What to do:
Return, exactly as written, the line containing "COLLANA DNA SPRING" and every line after it to the end of the records below, with no pictures.

(Records from a data source)
####

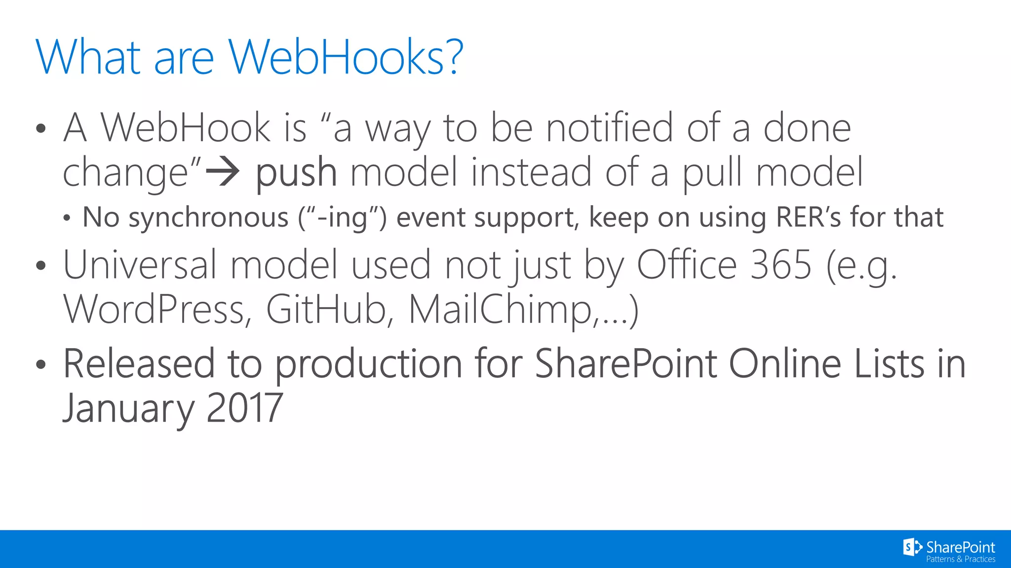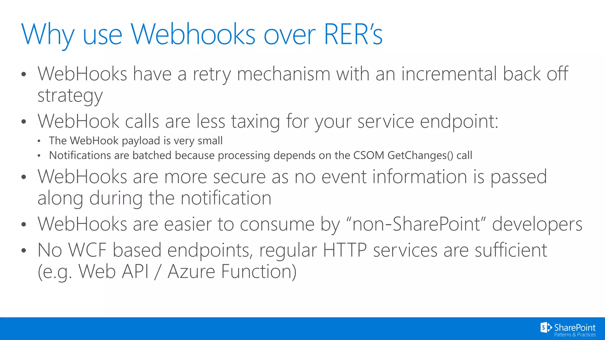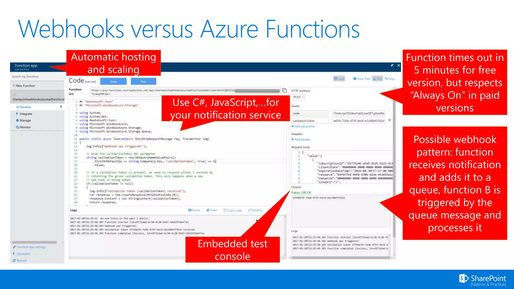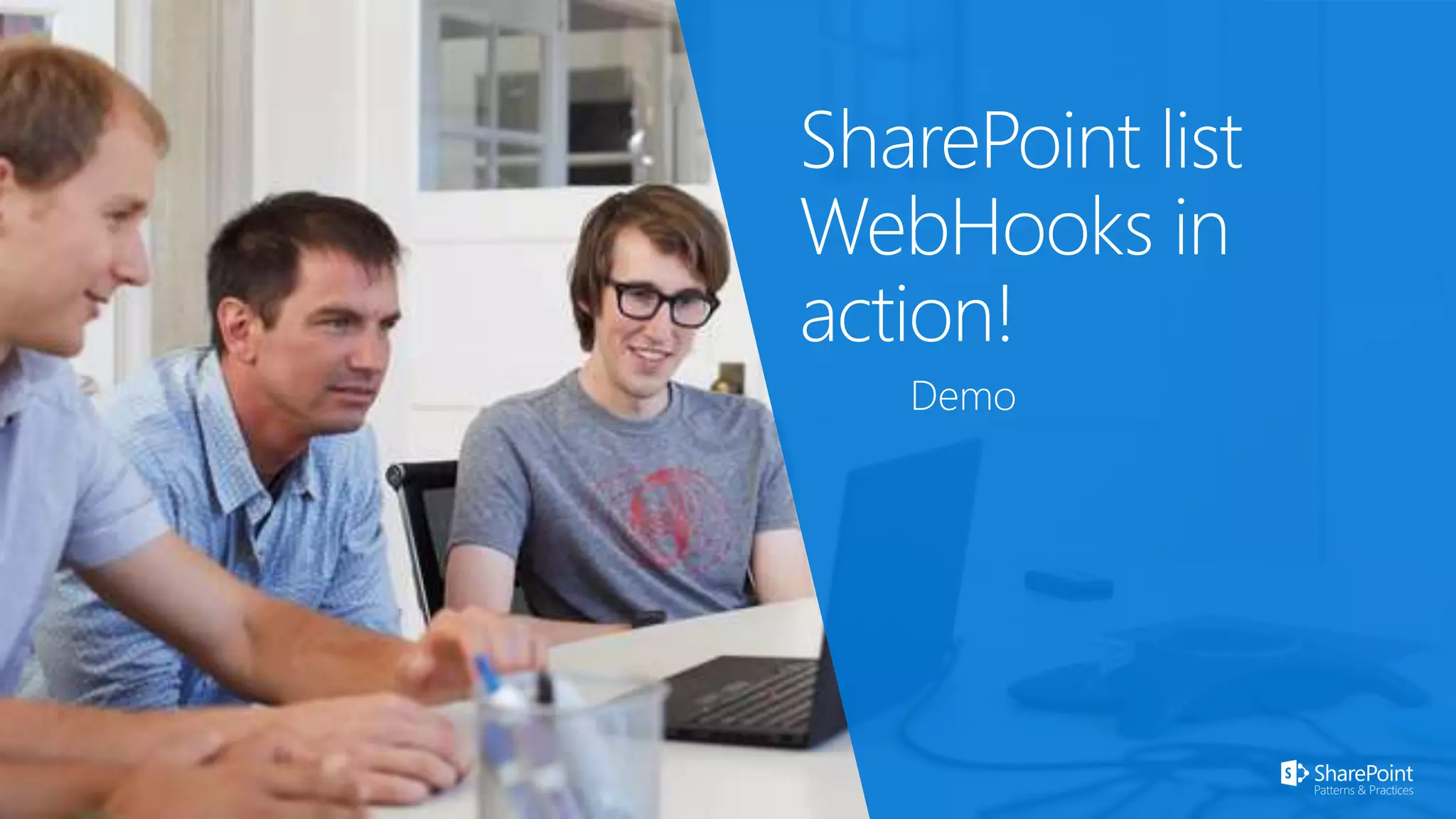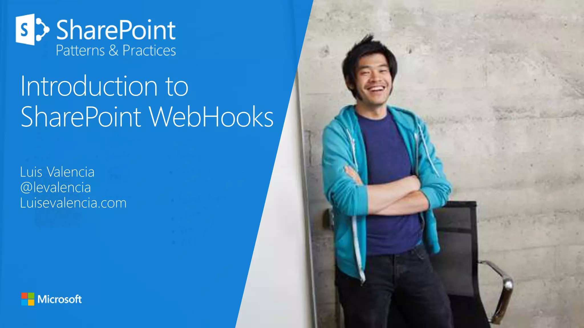 This document provides information about SharePoint webhooks including code samples, documentation, community calls, case studies, and links to Microsoft Graph and Office 365 APIs. It describes how to create a webhook subscription to a SharePoint list using the REST API and receive notifications at a webhook endpoint. It also includes a diagram showing how the webhook notification is received and processed by storing the change token and notifying a webjob.
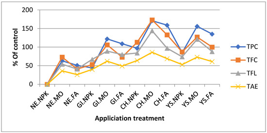 TFL, 2.55 mg QE/g. DLW, increased significantly, as % of control (Table 3 and Figure 2) as the following: values of CH.MO, CH.FA, and CH.NPK, 144, 97, and 84, respectively. Furthermore, YS.MO, YS.FA, YS. and NPK, 121, 88, and 74, respectively. In addition, values of GI.MO, GI.FA, GI, and NPK were 89, 80, and 67, respectively, and NE.MO, NE.FA, and NE NPK were 54, 41, and 0 (control = 2.55 mg QE/g DLW).
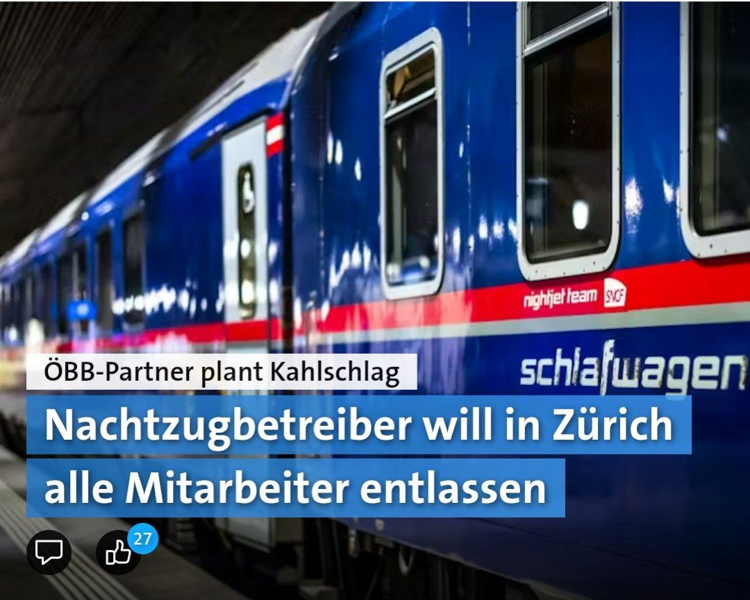До 30 человек могут потерять работу. Профсоюз транспортного персонала (SEV) раскритиковал это в пресс-релизе в среду вечером. Затронут весь поездной персонал поездов Nightjet на площадке в Цюрихе, пишет профсоюз. Тем самым он частично подтверждает сообщение газеты «Tages-Anzeiger». Newrest управляет данным подразделением с 2025 года и в качестве контрактного партнёра Австрийских федеральных железных дорог (ÖBB) отвечает за контроль билетов и обслуживание в ночных поездах. Согласно публикации, персонал планируется заменить более дешёвыми проводниками из Австрии. Уже в последние месяцы штат сотрудников был сокращён. В рамках обязательной процедуры консультаций профсоюз заключил соглашение с Newrest. Оно предусматривает различные социальные меры, включая выходное пособие в размере полутора месячных окладов, продлённый срок уведомления об увольнении для машинисток и проводников, поддержку в поиске работы, а также повышенные надбавки. «Эти финансовые компенсации в данной ситуации абсол
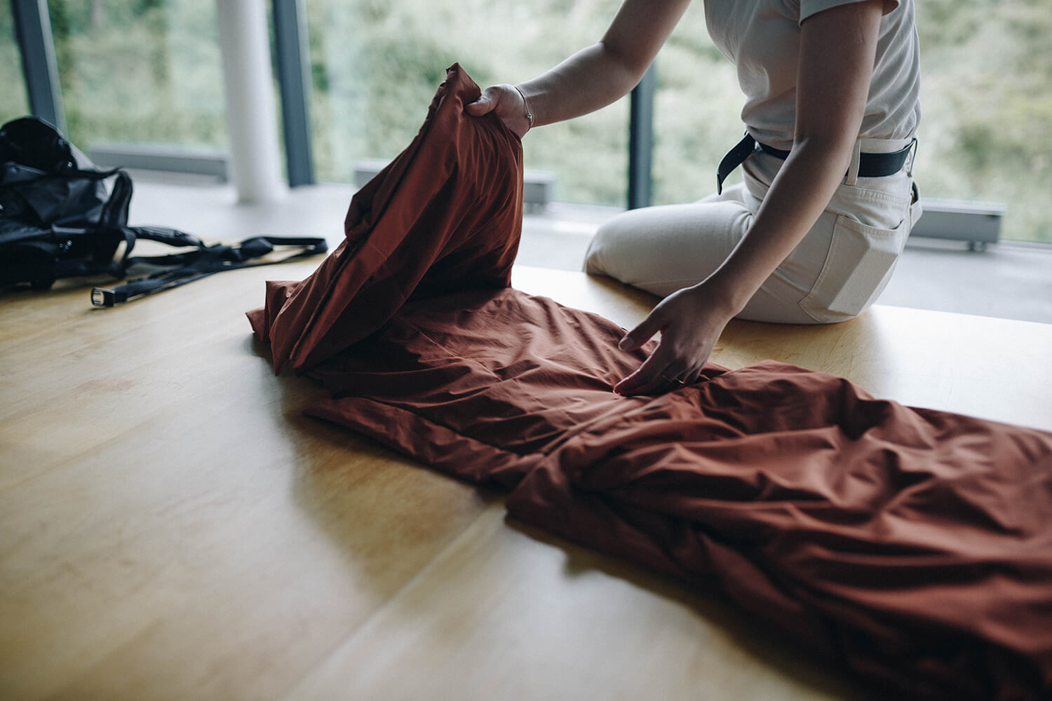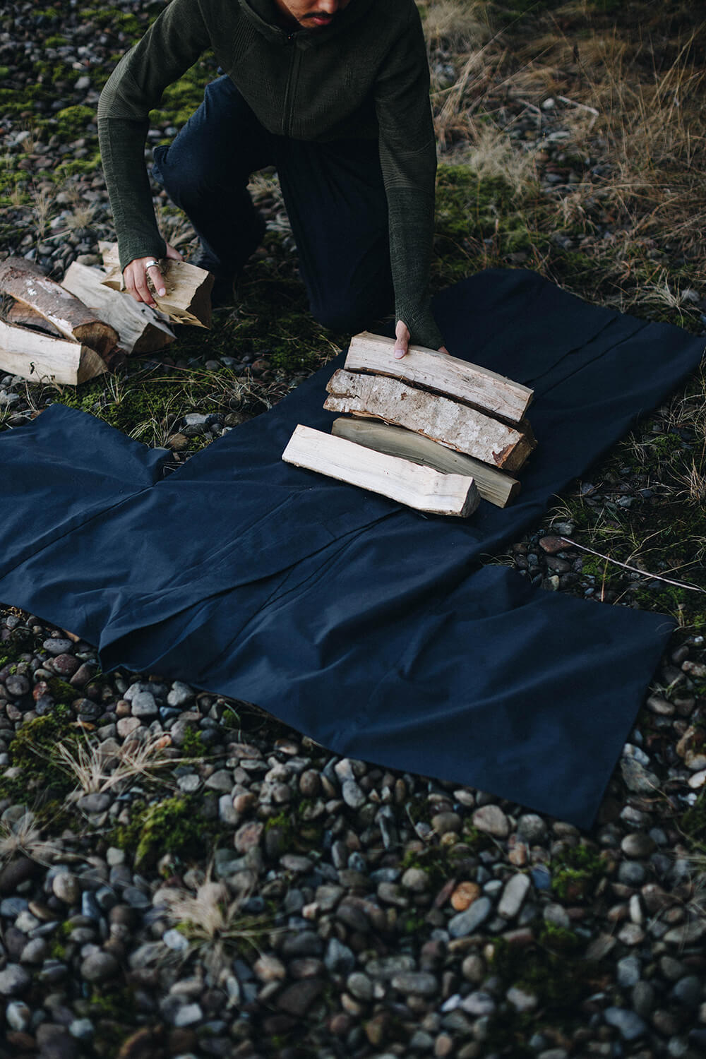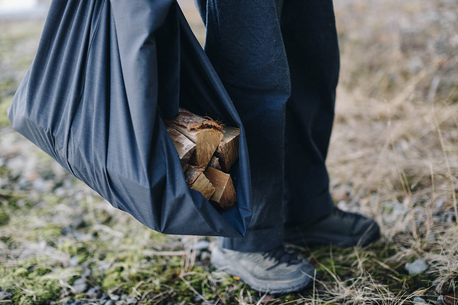 今回の2019年秋冬モデルには、ポリエステルをベースに耐摩耗性に優れたアラミド繊維を混紡したリップストップ素材を採用。生地表面には撥水、裏面には防風加工を施しており、軽量でありながら様々な天候に対応します。通常のポリエステルに比べて難燃性にも優れているため、着物を着て焚火を楽しむことも可能です。
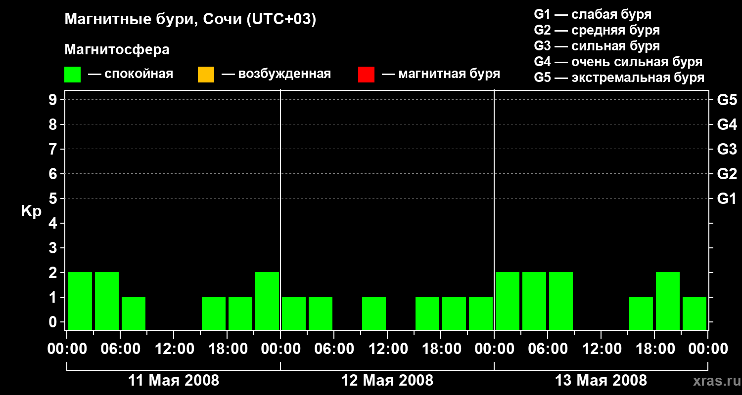 Изменения геомагнитного индекса Kp с 11 по 13 мая 2008 года для средних широт
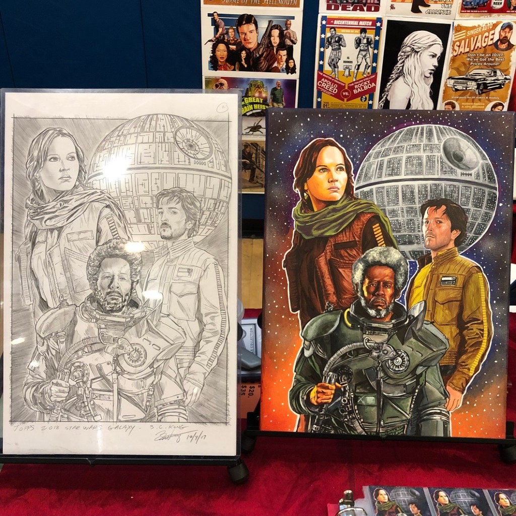 Specifically, he had the original pencil sketch and acrylics done for base card #26 from the Star Wars Galaxy 2019 set and was even offering this particular card signed at his booth:
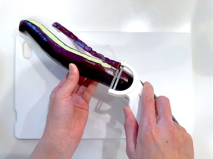 1. なすはピーラーなどで皮を剥き、横半分の長さに切る。
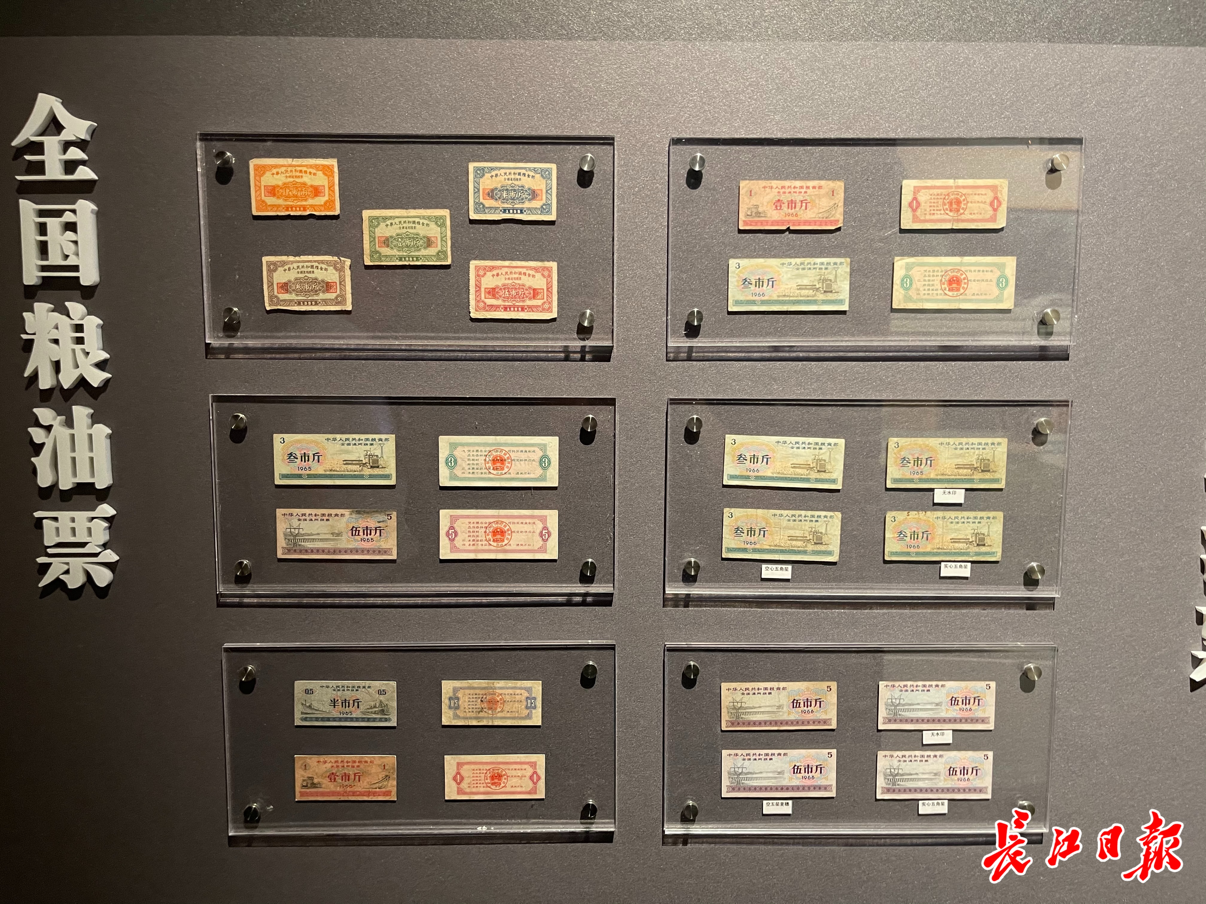 博物馆内还展出了新中国成立后的第一批粮油面票。其中,北京1993年500克面票、上海1966年四两油票、陕西1972年三市两油票、宜昌1984年二市两油票等这些小小的粮油面票,见证了中国社会的变迁和物资匮乏的艰难岁月。
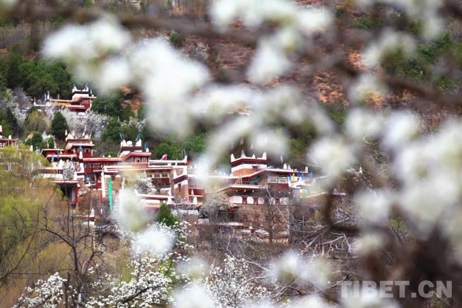 圖為梨花中的藏寨
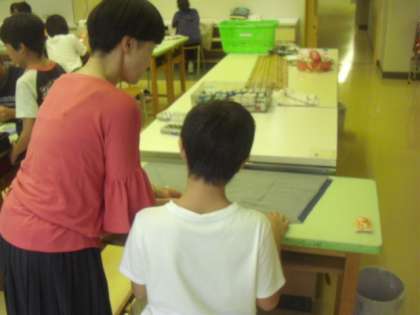 2組の家庭科は、先週に引き続き、エプロン作りです。展覧会に出品する作品なので、子どもたちも必死です。先生に個別に指導を受けたり、ミシンの使い方を友達と相談したりしながら、みんながんばっていました。
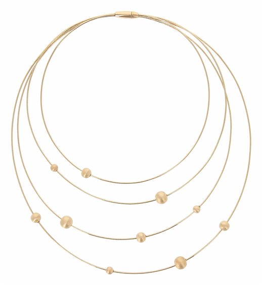 COLLANA DNA SPRING IN ARGENTO DORATO A 4 FILI DI DIVERSE LUNGHEZZE CON 10 PALLINE SATINATE VARIE DIMENSIONI SFALZATE.
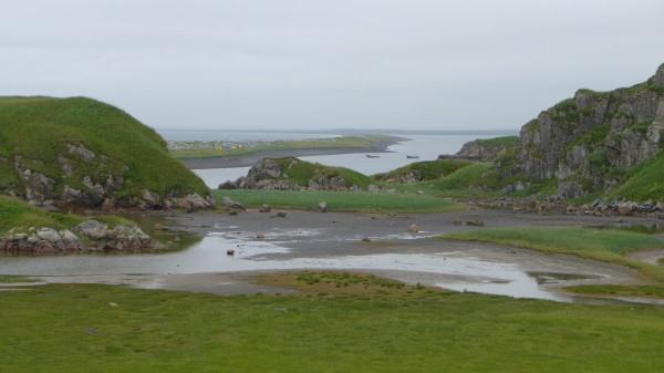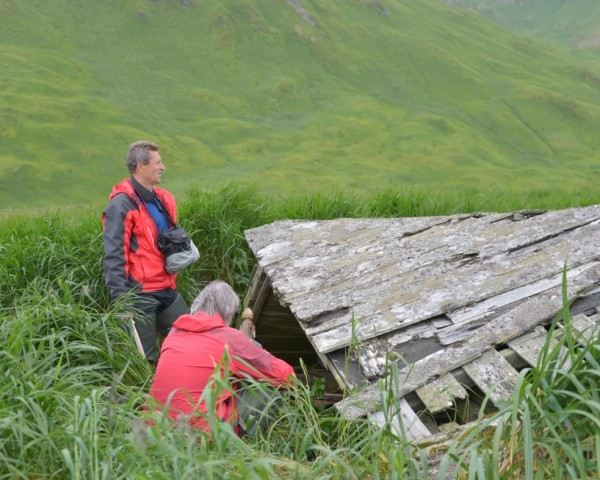 Последние дни перед Уналашкой были очень насыщенными и интересными. На острове Акун мы обнаружили место, где, совершенно очевидно, была русская артель, расположенная рядом с алеутским поселением, под названием Речешный. Высадившись на берег, нашли не только остатки старых барабор, полуземлянок. Они представляют собой различной величины углубления в земле, обычно рядом с какой-нибудь речкой или небольшим озером, в тихой гавани. Но неожиданно в подмываемом волнами месте обнаружили кости животных, а затем и мелкие кости рыб, сконцентрированные в слое толщиной сантиметров 15-20. Совершенно очевидно, что это культурный слой под полуметровым слоем земли, который свидетельствует, что когда-то здесь была чья-то барабора. Образцы костей рыб, костей птиц, кости нерпы мы захватили с собой, аккуратно поместив в мешочек.
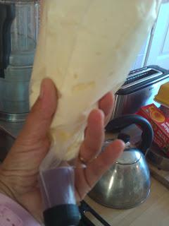 J'ai donc remis cette crème au frais, et au bout d'un moment j'ai fini par en garnir le gâteau, ce n'était pas tout mais cela faisait déjà 2 heures que j'étais en cuisine.

####

Task result:
 COLLANA DNA SPRING IN ARGENTO DORATO A 4 FILI DI DIVERSE LUNGHEZZE CON 10 PALLINE SATINATE VARIE DIMENSIONI SFALZATE.
 Последние дни перед Уналашкой были очень насыщенными и интересными. На острове Акун мы обнаружили место, где, совершенно очевидно, была русская артель, расположенная рядом с алеутским поселением, под названием Речешный. Высадившись на берег, нашли не только остатки старых барабор, полуземлянок. Они представляют собой различной величины углубления в земле, обычно рядом с какой-нибудь речкой или небольшим озером, в тихой гавани. Но неожиданно в подмываемом волнами месте обнаружили кости животных, а затем и мелкие кости рыб, сконцентрированные в слое толщиной сантиметров 15-20. Совершенно очевидно, что это культурный слой под полуметровым слоем земли, который свидетельствует, что когда-то здесь была чья-то барабора. Образцы костей рыб, костей птиц, кости нерпы мы захватили с собой, аккуратно поместив в мешочек.
 J'ai donc remis cette crème au frais, et au bout d'un moment j'ai fini par en garnir le gâteau, ce n'était pas tout mais cela faisait déjà 2 heures que j'étais en cuisine.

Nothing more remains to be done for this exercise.